Directly supper was over Don rose to go. Not having been in bed on the previous night, and having been hard at work all day, he was so sleepy that he could hardly keep his eyes open. Sophy would have besought him to lie down on the settle in the living-room and have his sleep out there, but she was so concerned that her mother should not be alone another night that she would not even suggest his remaining at Ripple.

“Where are you two going to sleep to-night?” he asked, just as he was going to mount his horse.

“In one of the upstairs rooms. We have had the bed out in the sun all day,” said Sophy, and there was in her mind a swift wonder at his concern.

“That is right. Look here, sis, if there is a bolt to the stairs door, mind you shoot it when you go upstairs, and don’t come down in the night whatever you may hear. I’m not afraid that anyone would harm either of you⁠—⁠if you keep out of the way, that is. But I should not be surprised if someone tried a bit of burgling on here, for there are plenty of people silly enough to think that old Wrack was a miser, and not so bed-rock poor as he looked.”

“We won’t come down, I promise you,” said Sophy. Then she added, with a merry laugh: “Not even if another surprise party happens along this way, and dances all night to the strains of a cornet and flute. Oh, I say, wouldn’t it be weird!”

“I should think it would,” replied Don, and bothered though he was by the lonely condition of the two, he could not forbear a chuckle of amusement at the fancy picture his sister had called up. “Mose Paget is the only man that can play the cornet in the township that I know of, and he is going to help Mrs. Buckle with Sam to-night.”

It was very weird and still at Ripple when Don had ridden away. The darkness dropped over the forest like a pall. It was cloudy to-night, and the young moon had no chance at all against the billowy masses of cloud that were piled along the horizon. It would rain before morning, so Sophy said. If the weather broke it might even be dull and stormy for a week or more, and she sighed, because she loved fine weather so much the best. Pam sighed too, and her face was a little white and drawn when she dropped the heavy bar of ironwood into the socket at the side of the door. Sophy had told her that the nearest house was three miles away, and she was trying to picture the situation. Brought up in London, taught from her childhood to understand that there were bristling dangers all around her, the solitude of Ripple seemed to put her almost outside the world. She argued that if there were no people there could be no danger, and then was surprised because she was scared at the solitude.

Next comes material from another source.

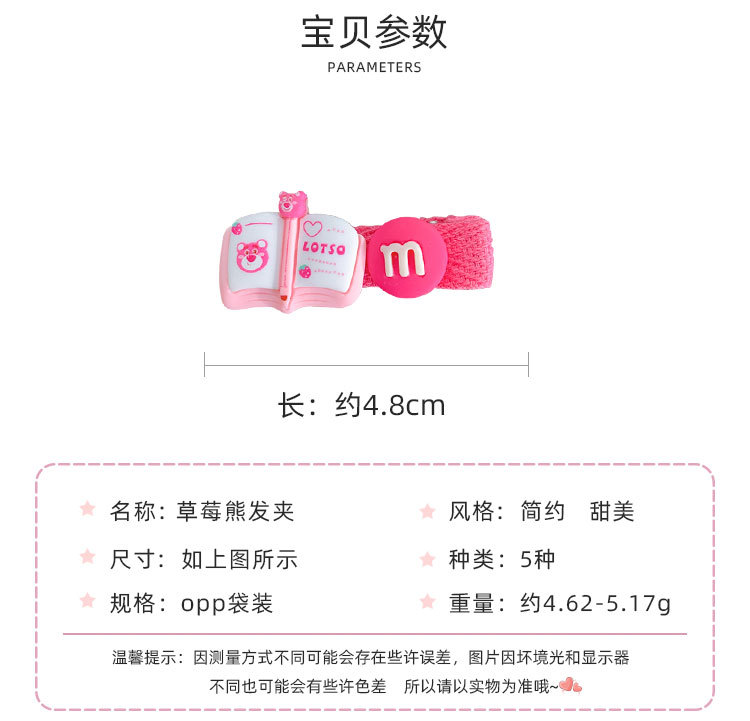 book open-strawberry bear barrettes

The dog had attached itself to her with slavish devotion. The creature accorded Sophy a bare tolerance, but there was perfect worship in the gaze it turned on Pam, and she was tremendously flattered by its preference. It even wanted to come up to bed with her that night when, soon after Don had gone, they betook themselves to the upstairs room where they intended to sleep. They humoured the animal, feeling that it would really be a comfort to have it upstairs with them, and they did not forget to bolt the door at the bottom of the stairs when they shut it.

They were so tired that the night passed for both of them in dreamless slumber, and they did not rouse until the dog woke them by whining to be let out. It was Pam who, with a dressing-gown round her, came down to open the house door that the creature might go free. She stood on the doorstep for a moment sniffing the freshness and drinking in the beauty of the morning. There was a chill in the air which made her shiver, for the dressing-gown was thin and the sun was not up yet. It was the magical beauty of the forest that was drawing her, the call of the wild that was in her blood.

“I love it, I love it, I would not go back to England if I could!” she whispered as she turned into the house again to go upstairs and dress. Then it suddenly occurred to her to wonder what would happen if her grandfather failed to return. “It is silly even to think of such a thing. Of course he will come back!” she murmured as she went upstairs; but she could not repress a little shiver, for the possibility would haunt her despite her efforts to banish it.